WHAT IS REQUIRED ::
Please return only the lines from the one holding "- Wenn mehrere" through the one holding "Aplikasi ini memungkinkan", exactly as they appear in the records below, both ends included.

ENTRIES PROVIDED ::
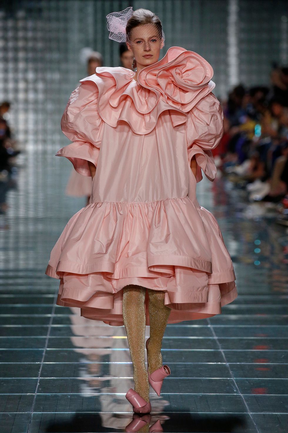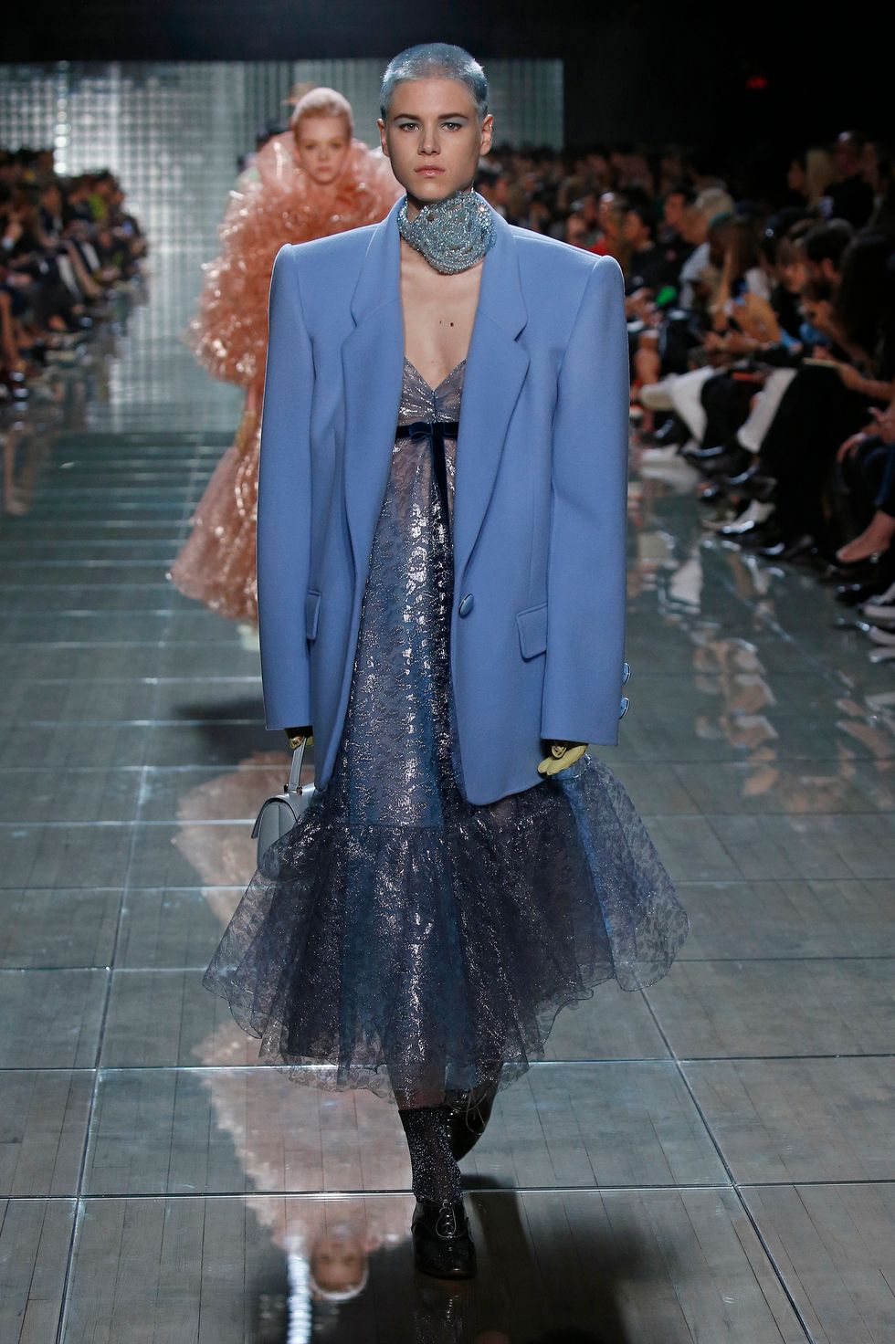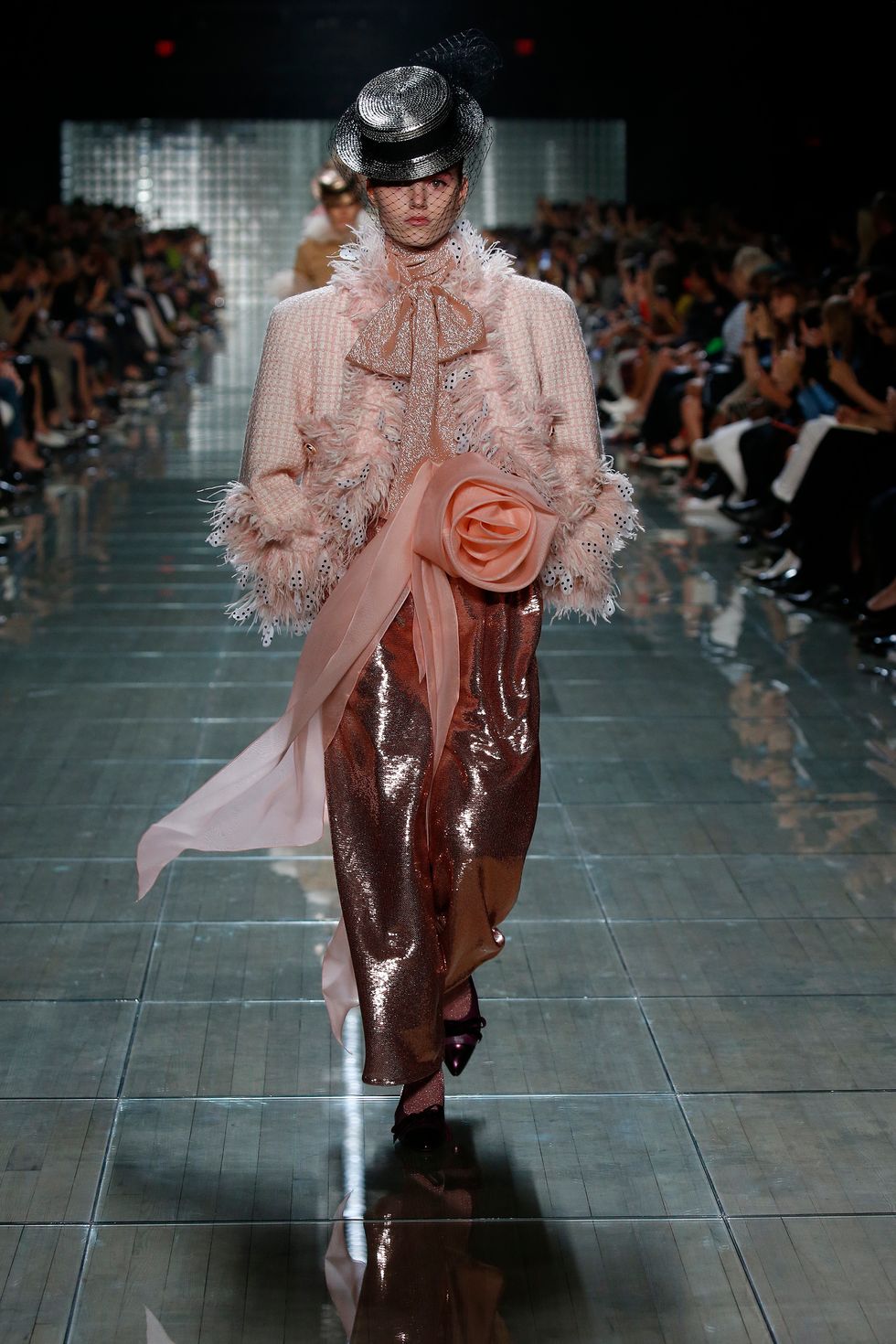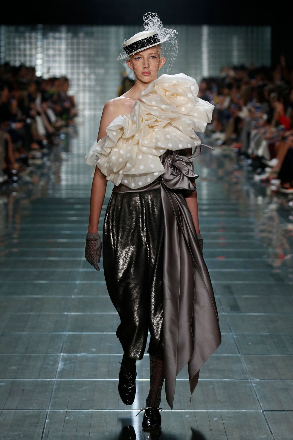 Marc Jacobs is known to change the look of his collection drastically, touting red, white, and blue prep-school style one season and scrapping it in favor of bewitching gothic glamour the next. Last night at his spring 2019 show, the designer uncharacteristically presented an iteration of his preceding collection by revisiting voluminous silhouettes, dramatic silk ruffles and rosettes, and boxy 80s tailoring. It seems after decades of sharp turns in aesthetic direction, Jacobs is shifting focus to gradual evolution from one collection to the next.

---

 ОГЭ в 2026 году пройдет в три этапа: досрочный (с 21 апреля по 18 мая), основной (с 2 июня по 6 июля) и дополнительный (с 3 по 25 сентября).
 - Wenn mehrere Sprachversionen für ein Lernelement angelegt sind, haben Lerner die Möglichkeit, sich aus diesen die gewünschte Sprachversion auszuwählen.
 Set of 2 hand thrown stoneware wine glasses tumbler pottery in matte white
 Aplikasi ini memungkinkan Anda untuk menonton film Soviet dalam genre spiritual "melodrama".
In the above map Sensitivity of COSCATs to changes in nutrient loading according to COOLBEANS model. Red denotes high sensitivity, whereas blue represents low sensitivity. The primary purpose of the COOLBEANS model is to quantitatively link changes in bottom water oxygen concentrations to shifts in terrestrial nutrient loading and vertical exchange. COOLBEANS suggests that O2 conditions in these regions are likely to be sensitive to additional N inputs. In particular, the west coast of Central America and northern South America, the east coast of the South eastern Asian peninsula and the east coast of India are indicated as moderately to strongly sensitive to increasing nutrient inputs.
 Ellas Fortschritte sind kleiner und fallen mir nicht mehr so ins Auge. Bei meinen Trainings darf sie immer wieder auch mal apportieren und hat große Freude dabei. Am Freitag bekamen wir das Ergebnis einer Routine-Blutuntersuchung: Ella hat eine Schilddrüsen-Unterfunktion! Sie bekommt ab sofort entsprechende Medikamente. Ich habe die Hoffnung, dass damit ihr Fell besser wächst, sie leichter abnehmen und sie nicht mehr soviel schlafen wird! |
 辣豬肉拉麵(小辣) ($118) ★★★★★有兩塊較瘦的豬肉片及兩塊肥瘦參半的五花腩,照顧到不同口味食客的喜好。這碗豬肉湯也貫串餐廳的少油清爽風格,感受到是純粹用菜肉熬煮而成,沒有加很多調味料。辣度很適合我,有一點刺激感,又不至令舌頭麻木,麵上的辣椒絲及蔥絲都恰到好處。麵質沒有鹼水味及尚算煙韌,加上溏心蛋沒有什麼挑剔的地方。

ANSWER ::
 - Wenn mehrere Sprachversionen für ein Lernelement angelegt sind, haben Lerner die Möglichkeit, sich aus diesen die gewünschte Sprachversion auszuwählen.
 Set of 2 hand thrown stoneware wine glasses tumbler pottery in matte white
 Aplikasi ini memungkinkan Anda untuk menonton film Soviet dalam genre spiritual "melodrama".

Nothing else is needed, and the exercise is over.